══ Recorded information

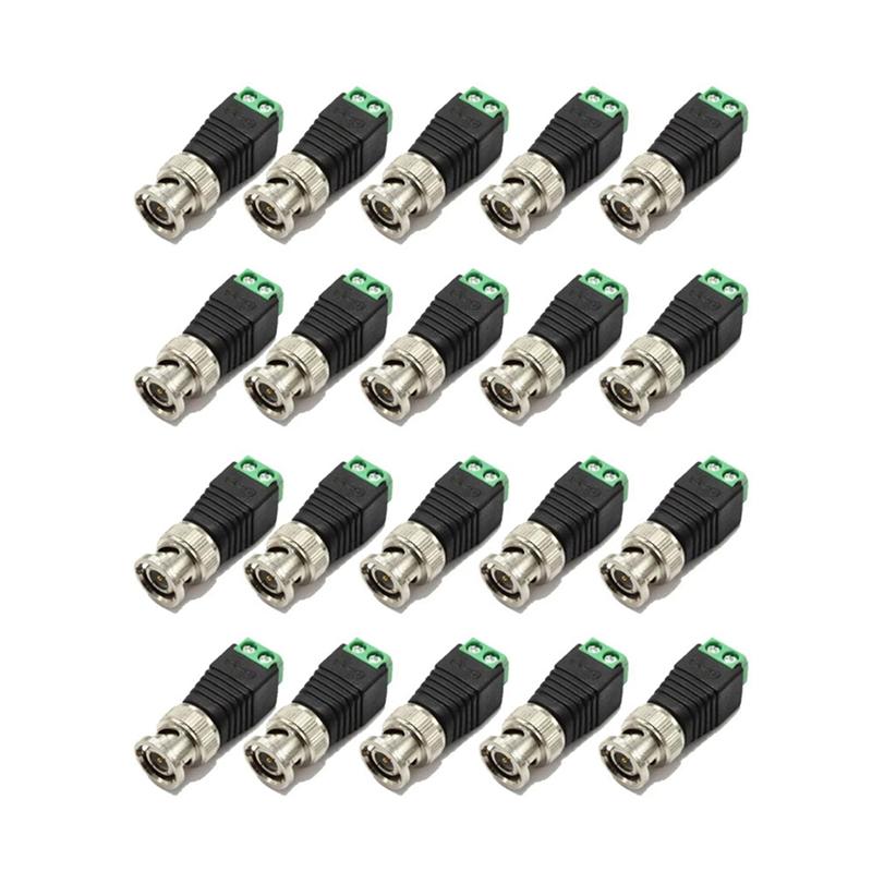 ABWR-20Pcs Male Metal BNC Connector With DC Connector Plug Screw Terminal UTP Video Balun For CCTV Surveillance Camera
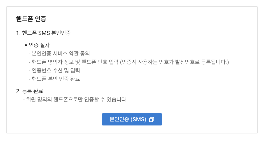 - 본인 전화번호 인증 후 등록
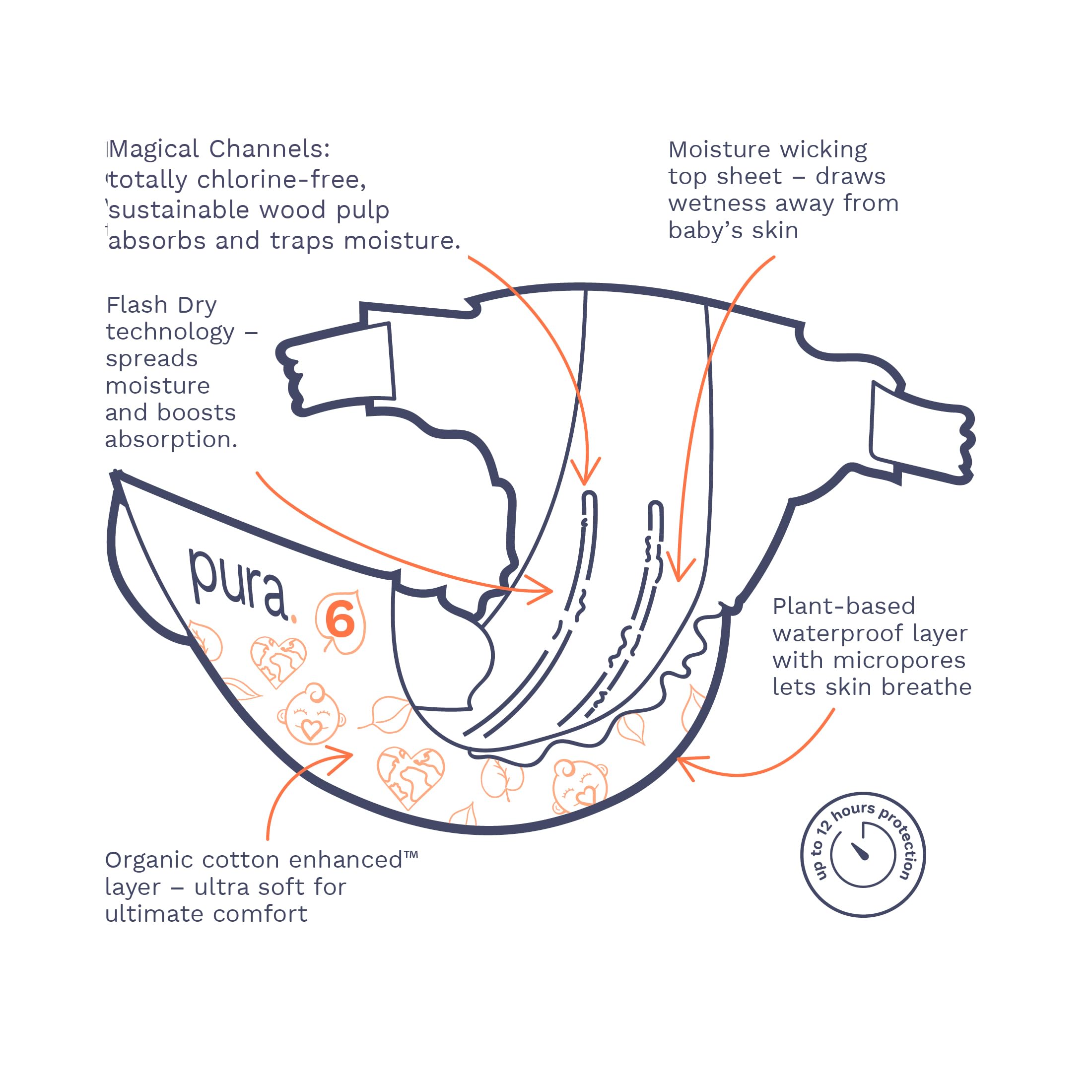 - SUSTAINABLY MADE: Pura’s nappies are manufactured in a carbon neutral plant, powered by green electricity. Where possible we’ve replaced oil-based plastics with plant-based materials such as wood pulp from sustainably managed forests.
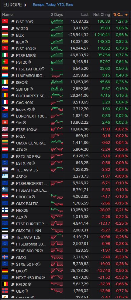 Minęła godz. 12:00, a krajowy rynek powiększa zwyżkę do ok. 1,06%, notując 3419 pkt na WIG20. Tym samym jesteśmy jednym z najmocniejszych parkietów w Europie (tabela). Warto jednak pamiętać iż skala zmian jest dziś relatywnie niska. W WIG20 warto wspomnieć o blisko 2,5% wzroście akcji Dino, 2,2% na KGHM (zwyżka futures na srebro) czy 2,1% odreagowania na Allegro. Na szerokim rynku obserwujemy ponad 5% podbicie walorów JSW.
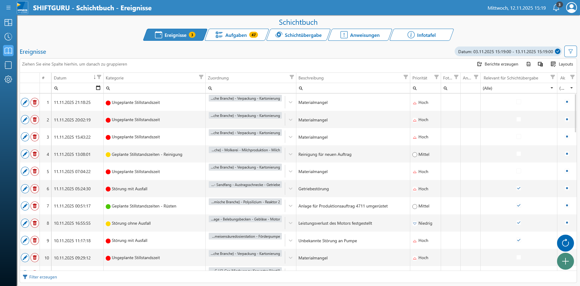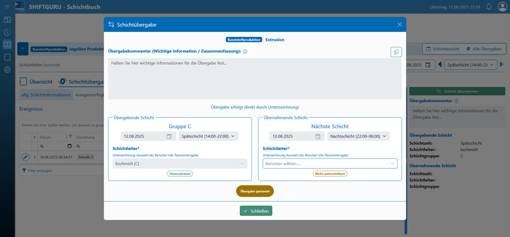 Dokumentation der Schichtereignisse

════

Exercise - Only the text of the entries above is to be given again, exactly, with the pictures left out.

Result -
 ABWR-20Pcs Male Metal BNC Connector With DC Connector Plug Screw Terminal UTP Video Balun For CCTV Surveillance Camera
 - 본인 전화번호 인증 후 등록
 - SUSTAINABLY MADE: Pura’s nappies are manufactured in a carbon neutral plant, powered by green electricity. Where possible we’ve replaced oil-based plastics with plant-based materials such as wood pulp from sustainably managed forests.
 Minęła godz. 12:00, a krajowy rynek powiększa zwyżkę do ok. 1,06%, notując 3419 pkt na WIG20. Tym samym jesteśmy jednym z najmocniejszych parkietów w Europie (tabela). Warto jednak pamiętać iż skala zmian jest dziś relatywnie niska. W WIG20 warto wspomnieć o blisko 2,5% wzroście akcji Dino, 2,2% na KGHM (zwyżka futures na srebro) czy 2,1% odreagowania na Allegro. Na szerokim rynku obserwujemy ponad 5% podbicie walorów JSW.
 Dokumentation der Schichtereignisse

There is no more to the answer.